Política
ELEIÇÕES 2022

Saiba por que adversários querem Rose Modesto como vice nas eleições

Frenética ascensão política, batuta no voto e com cargos exercidos que exigiram diálogo com eleitores ao longo de sua trajetória

Celso Bejarano

20/05/2022 08:00

Episódio inabitual na política sul-mato-grossense ocorre já nos preparativos da disputa pelo governo do Estado deste ano: entre três pré-candidatos de siglas vigorosas e com chances de chegada, três querem compor chapa com uma adversária, a deputada federal Rose Modesto, que concorre ao governo pelo União Brasil.

Na linguagem política, o desejo pelo trato ofertado à “opositora”, no caso, tem significado prático: Rose é tida como “bom partido” no pleito de outubro. 

“Inflaram a bola dela. Bom para ela, notaram sua importância diante das urnas”, disse um antigo político, já sem mandato, que, por “transitar” entre os pré-candidatos, incluindo a parlamentar, não quis ver o nome publicado.

Contudo, pelo andar da carruagem, o propósito do trio só não segue adiante por um senão, também inusitado: os postulantes ao cargo público mais importante de MS impuseram uma condição à, “por agora”, benquista Rose Modesto.  

Os pré-candidatos só querem ela do lado, desde que como vice em uma eventual chapa.
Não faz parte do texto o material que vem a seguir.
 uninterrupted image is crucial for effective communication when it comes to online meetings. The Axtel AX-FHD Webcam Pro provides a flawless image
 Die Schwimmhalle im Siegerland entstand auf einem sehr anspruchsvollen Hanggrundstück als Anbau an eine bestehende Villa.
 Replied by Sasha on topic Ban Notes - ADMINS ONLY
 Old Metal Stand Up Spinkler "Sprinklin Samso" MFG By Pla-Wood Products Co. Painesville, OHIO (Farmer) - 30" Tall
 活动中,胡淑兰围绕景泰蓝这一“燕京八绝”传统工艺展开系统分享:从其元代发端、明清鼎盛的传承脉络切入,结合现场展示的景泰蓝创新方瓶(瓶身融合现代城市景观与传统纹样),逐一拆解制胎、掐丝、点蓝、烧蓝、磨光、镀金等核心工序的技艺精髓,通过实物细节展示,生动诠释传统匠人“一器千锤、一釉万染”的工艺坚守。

E isso ela já rejeitou repetidas vezes.

O Correio do Estado elencou algumas ações e qualidades políticas de Rose que poderiam fundamentar tamanho assédio político pela deputada federal, que proclama desde o ano passado: “Vou ser a primeira governadora de Mato Grosso do Sul”.

Eduardo Riedel (PSDB), Marquinhos Trad (PSD) e André Puccinelli (MDB) são os pré-candidatos que querem Rose em uma aliança. Nenhum deles, até agora, a cinco meses da eleição, escolheu de vez vices, a não ser a tentativa frustrada de atrair o apoio da deputada federal.

VIDA POLÍTICA

Rose Modesto estreou na política em 2008, como vereadora de Campo Grande. Sete anos depois, a então parlamentar virou vice-governadora no primeiro mandato do governador Reinaldo Azambuja (PSDB). 
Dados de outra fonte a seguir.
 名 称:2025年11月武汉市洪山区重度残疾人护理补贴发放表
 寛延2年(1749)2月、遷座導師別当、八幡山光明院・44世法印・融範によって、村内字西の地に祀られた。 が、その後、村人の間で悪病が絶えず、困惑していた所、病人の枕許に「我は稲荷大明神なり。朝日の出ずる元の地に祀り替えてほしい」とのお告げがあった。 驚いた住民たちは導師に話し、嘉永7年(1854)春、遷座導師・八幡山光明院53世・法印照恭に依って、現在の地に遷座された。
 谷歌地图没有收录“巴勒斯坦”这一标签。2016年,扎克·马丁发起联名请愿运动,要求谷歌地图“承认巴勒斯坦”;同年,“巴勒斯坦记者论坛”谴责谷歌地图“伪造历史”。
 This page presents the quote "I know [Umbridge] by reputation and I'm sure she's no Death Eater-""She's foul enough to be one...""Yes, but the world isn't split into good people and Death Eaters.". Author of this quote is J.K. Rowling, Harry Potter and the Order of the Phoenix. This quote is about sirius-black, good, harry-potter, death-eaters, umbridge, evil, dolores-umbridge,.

No meio do caminho, em 2012, reelegeu-se vereadora, uma das mais bem votadas, indicativo forte de que seria boa em briga eleitoral.
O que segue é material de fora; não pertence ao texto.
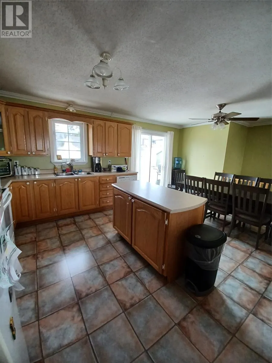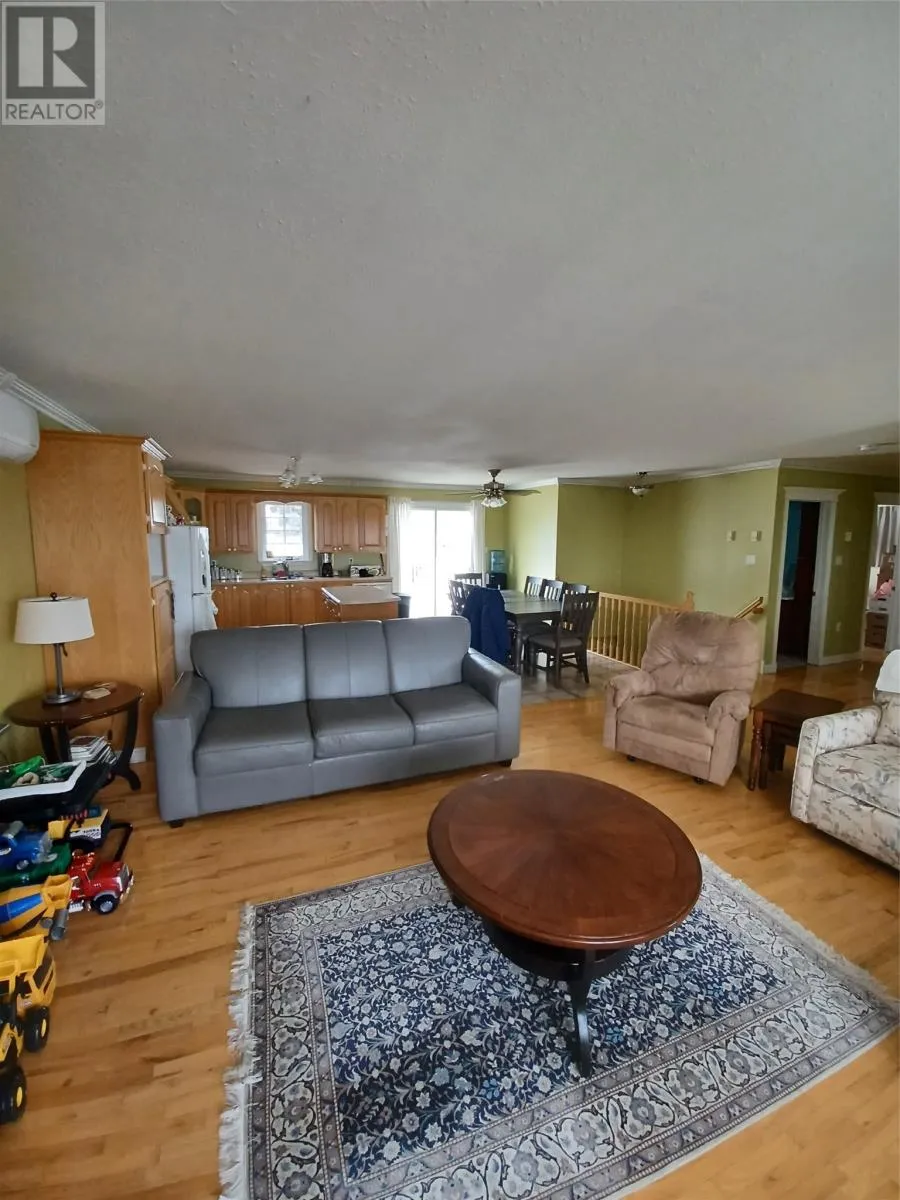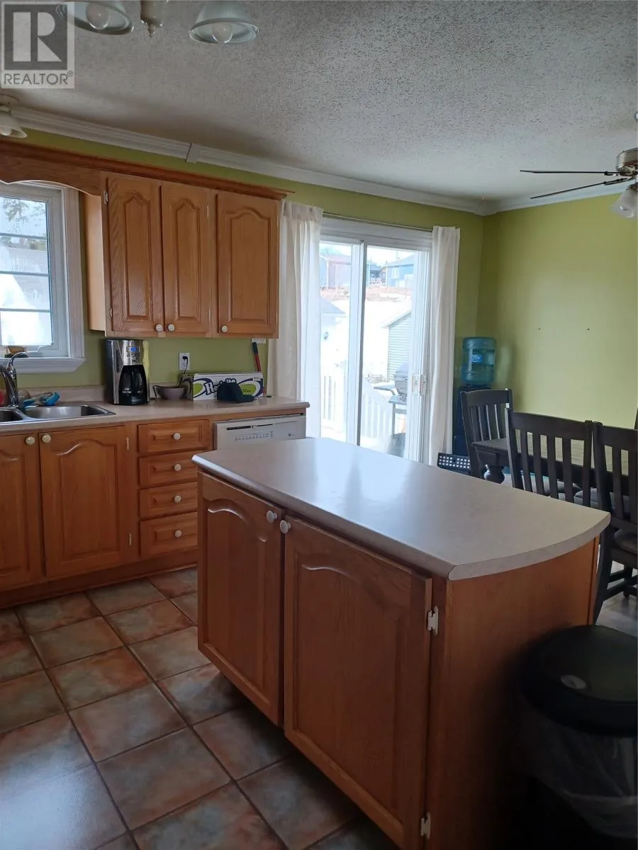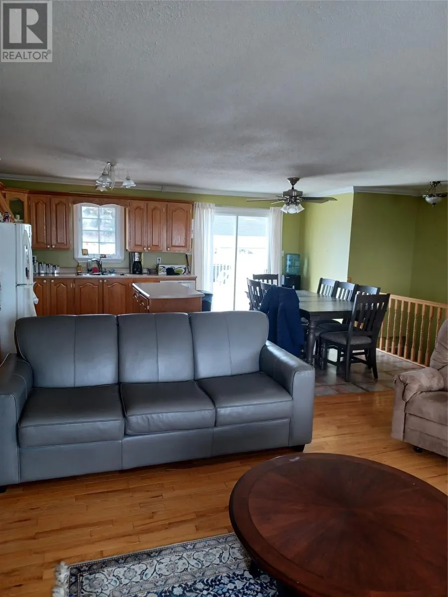 Located on a greenbelt in a quiet neighborhood in Glovertown, this well-maintained and cozy bungalow offers exceptional privacy along with beautiful ocean views from the front deck â the perfect place to relax and watch the boats pass by. The main level features a spacious open-concept design with a large kitchen offering abundant cabinet space, a center island with additional storage, and plenty of prep area for family meals. The dining area includes patio doors leading to a 16 x 20 patio, providing ample space for outdoor entertaining. The bright and spacious living room flows seamlessly within this inviting layout. Two comfortable bedrooms and the main bathroom complete the main floor. The fully developed walkout basement offers even more living space with a rec room, two additional bedrooms, and a laundry area located in the unfinished utility space. There is an outside entrance leading into a mudroom area with a double closet, plus additional storage under the stairs. The backyard is fully paved and maintenance-free, complemented by a colourful wood shed and an impressive double door garage measuring 28 x 38 â ideal for vehicles, recreational toys, or workshop space. A mini-split heat pump along with electric heat provides efficient year-round comfort. Enjoy direct access to ATV trails right from your own backyard â no need to trailer up â and take advantage of being on the doorstep of Terra Nova National Park. Youâre just minutes from the beautiful beaches of Eastport and only a short commute to Gander. The local marina offers some of the best boating opportunities on the island, making this property a dream for outdoor enthusiasts. This is your opportunity to live, play, and work in Centralâs biggest playground. Book your viewing today! (id:27476)

Como vice, cargo que assumiu em janeiro de 2015, foi indicada por Azambuja para ocupar o cargo máximo da Secretaria de Estado de Direitos Humanos, Assistência Social e Trabalho, pasta que mexe geralmente com famílias carentes. E que votam.  

Dali saiu em abril do ano seguinte, 2016, com a intenção de dar outro salto na carreira. Ela concorreu à Prefeitura de Campo Grande. Perdeu no segundo turno para o ex-prefeito Marquinhos Trad, que agora a quer como aliada, mas como vice. Retornou à vice-governadoria.

Daí, então, Rose resolveu ficar fora da disputa como vice-governadora, em 2018, e rumou para uma outra instigação política, a de concorrer a uma vaga na Câmara dos Deputados. 

Deu certo. Elegeu-se como a deputada federal mais bem votada, superando o desempenho eleitoral de políticos com décadas de estrada.

Em 2020, retomou o desejo por administrar Campo Grande, mas, por imposição do partido, o PSDB, que apoiou candidato de outra legenda, não pôde concorrer a prefeitura. A partir dali, segundo disse ao Correio do Estado, ela deu início ao plano de se tornar governadora de MS. Lá se foram dois anos, e, agora, disse não ter conversa a não ser sua candidatura como cabeça de chapa na corrida pela sucessão estadual.

Filha de pequenos agricultores, nascida em Fátima do Sul, interior de MS, a deputada, antes de investir na política, formada em História, dava aulas e desenvolvia trabalhos sociais com seus alunos. Tocava projetos, como o Aprendendo com Música e o Tocando em Frente, que disponibilizam aulas de Artes, esportes e reforço escolar.

No fim do ano passado, ela divulgou abertamente a vontade de sair do ninho dos tucanos, que já haviam escolhido Eduardo Riedel como o pré-candidato ao governo. Bastou. Assediada por mais de um partido, o MDB de Puccinelli entre eles, resolveu assinar ficha no União Brasil, o partido que juntou o DEM ao PSL.

Assim que disse que ia concorrer ao governo, dissidentes do atual governo tucano formaram uma rede de apoio para a campanha dela. Ex-aliados do PSDB e, consequentemente, da gestão estadual hoje participam do arco de sustentação da pré-candidata.